«¿Por qué un lugar es sagrado?», se pregunta José María Álvarez en uno de sus poemas. Y yo hago lo propio: ¿por qué para mí es sagrado el ruido discreto del Gran Bazar de Istanbul? ¿Qué diferencia ese ir y venir, esas llamadas para dejarse cautivar por la mercancía de lo que ocurre en cualquier mercado de nuestra Región?
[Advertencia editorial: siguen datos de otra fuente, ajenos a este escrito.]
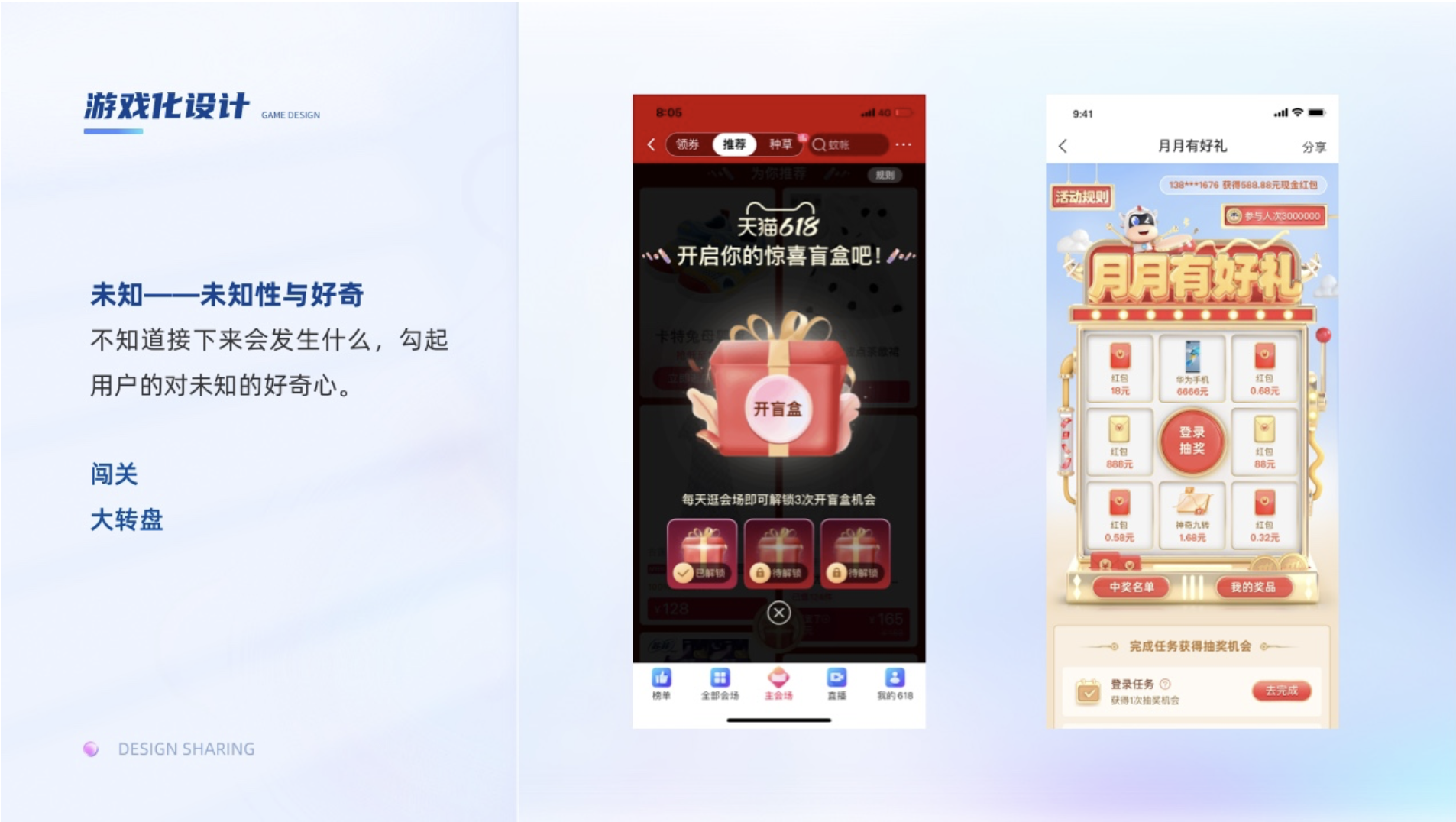 不知道接下來會發(fā)生什么,勾起用戶的對未知的好奇心。比如闖關(guān),玩家不斷闖關(guān)就是這種未知帶來的牽引。在活動運(yùn)營中最常見的就是大轉(zhuǎn)盤抽獎,現(xiàn)在比較流行結(jié)合盲盒的活動,就是滿足獵奇心理,讓用戶欲罷不能.

No sé qué hace que se me erice la piel cuando pienso en los aromas que salen de aquel escondido restaurante cercano a la calle principal que lleva a la Cisterna, en el misterio de la llamada del almuédano o en esa alegría viva en los ojos de los niños. ¡Ah!, y al pensar en los gatos juguetones, en el té y las shishas, en el silencio de la Mezquita Azul o la magnificencia de Hagia Sophia. No acierto a entender por qué, cuál es ese misterio que me lleva al luto al conocer, con dolor, las vidas que se ha llevado el intento de golpe de estado.
El horror, la violencia y la muerte están injustificados en cualquier caso, pero me aterra pensar que esas calles, mágicas y especiales para mí, se han manchado de sangre. Ha sido allí, en ese paraíso: «Era Istanbul. La ciudad deseada».